Then I figured it out. A&R people.
I ran into a friend from Warner Bros. “Let me give you the breakdown,” she said. “There are 30 people from Warner here, 10 from Capitol, the older fellow sitting at the table is Seymour Stein, and we have one John Kalodner.” Normal humans? Zero.
I should have been excited about the prospect of my favorite new artist playing to a room of star makers. Soon she would get the recognition she deserved! Problem is, many in the crowd were less renowned for their signing power than their own celebrity. The last big “get” of Stein’s career was in 1982, when he signed Madonna from a hospital bed while recovering from open-heart surgery. While I have undying respect for a man with the evenhanded vision to sign both the Ramones and Fleetwood Mac, rumor has it he is, at this point, less interested in music than in antiquing. Then there is the scary Kalodner — best known for his work with Foreigner, Bon Jovi and Wang Chung — whose affectations include all-white suits, an 8-inch beard and a standard liner-note credit that reads “John Kalodner: John Kalodner.” (For more, visit his self-maintained shrine at www.johnkalodner.com. Sample content from the “Fun Facts” section: “#38. JDK uses Trojan blue condoms.” “#81. JDK’s favorite restaurants are Toscana & Prego.”)

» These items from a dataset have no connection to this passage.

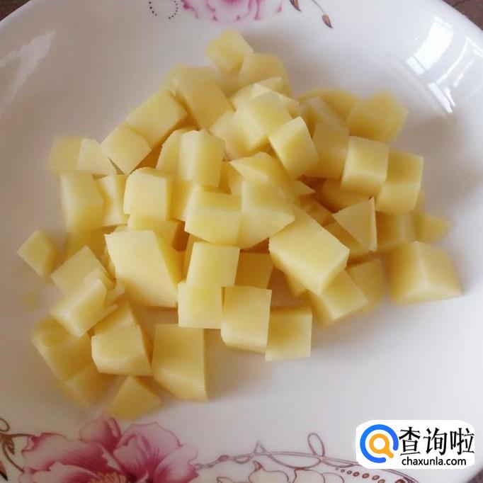 土豆去皮,洗净,切成小方块,放入盘中备用,土豆的营养价值很高,经常吃土豆还可以减肥呢。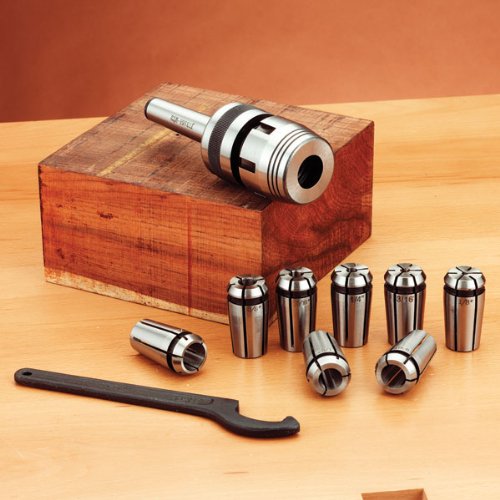 Collet chucks are preferred by woodturners for holding small pieces for turning because the collets grip tight enough to easily hold your work but with little or no marring. Our chuck is built to machinist tolerances and uses interchangeable collets to grip round tenons. The collets, which work just like the chuck in your router, grip with even pressure completely around the tenon on your workpiece. Includes eight collets which range from 1/8" to 3/8" and 1/2" to 5/8" by 16ths, collet chuck with #2 Morse taper and chuck wrench in a fitted case.This website is a participant in the Amazon Services LLC Associates Program, an affiliate advertising program designed to provide a means for sites to earn advertising fees by advertising and linking to amazon.com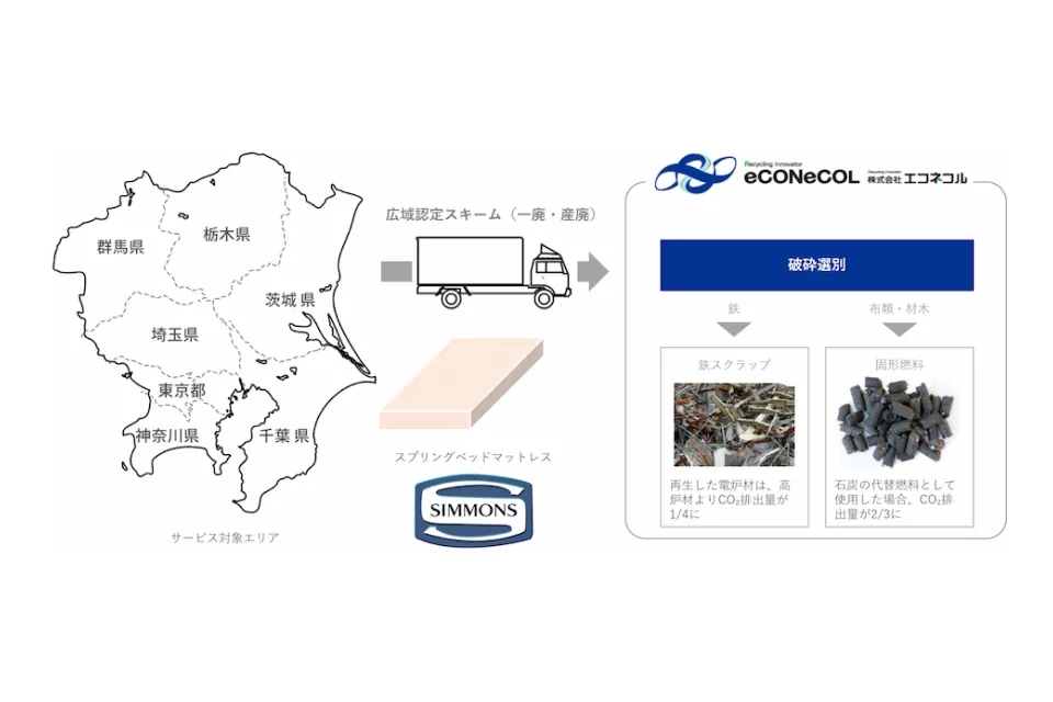 • 広域認定制度の活用による廃マットレスの回収100%再資源化

At 9:30, Spektor, a slight, bemused young woman wearing antique stockings and a vintage dress, took the stage. The only visible instruments were an electric piano, a microphone, and a drum stick balanced on an overturned milk crate. Her hair grew wild in rich red curls; her big eyes had an off-kilter look. She was pretty but not in a traditional way (i.e., I did not feel the urge to force-feed her carbohydrates).
Will she be coming soon to a record store near you? Well, she collaborated with the Strokes on the B-side of their upcoming British single, and the band demanded the initial run be destroyed because a typesetting error didn’t give her top billing. But do today’s A&R people really care? I’m not sure. Take the evening’s headliner. A few years back, The New Yorker referred to Mandell as “perhaps the best unsigned artist in the business.” But she still can’t get a record deal, despite a loyal local following and support among the press. (She was voted “Best Songwriter” in this year’s L.A. WeeklyMusic Awards, alongside Elliott Smith.)
None of this mattered when Spektor opened her mouth. And then she sang a song presciently titled “Ghosts of Corporate Future.” It summed up my impression of the typical A&R man’s priorities: “A man walks out of his apartment/It is raining he’s got no umbrella/He starts running beneath the awnings/Trying to save his suit.”
Baby's First Casting Call
No Hollywood myth is as deeply ingrained in the terrified psyche as that of the messed-up child actor, the indulged, pampered brat who peaks too soon in life and is condemned to a miserable existence trying to relive his or her glory days. And woe to the moms and dads who would steer their precious offspring down that road, for they too are heading into dangerous stereotype territory, that of the dreaded “stage parent,” manipulative, overbearing, and vicariously living through their pride and joys.
On the other hand, if you’ve got a beautiful baby, why not try to earn him some extra dough college-wise, simply by having him mug in a commercial? “Maximizing your profitability” is a mantra for adults, why not for a pretty little-bitty one? And so we signed up our bundle with a manager from Lang Talent, even got him legal with the city and state, which includes setting up a “Coogan Account” (named for the late Jackie Coogan, the famous child star who was ripped off by his parents).
The heir apparent’s first stab at the world of commercials takes place at one of his part-time actor daddy’s favorite haunts, 200 S. La Brea, the big, new, clean casting emporium with eight-plus studios and a rabbits’ warren of offices in the back. Seems that every other commercial call I get these days leads me here, but this time it’s as chauffeur, not “talent.”
The babies waiting for their turn in the lobby are running their parents ragged, darting in and out of other studios, doing that terrifying “heading for the door” thing that newly empowered toddlers do, stealing each other’s toys, screaming at the top of their lungs unprovoked, being alternately completely uncooperative and then fawningly charming when praised in the least by the frazzled casting directors. If they weren’t smaller and cuter, you’d never be able to tell them apart from the average adult actor at all.
The product is one we’re more than completely familiar with, a “Baby Einstein” video. Considering that the young’un adores these simple vids and is rapt as they play in our house, his mom and I figure that this is some kind of divine sign that we’re on the right track.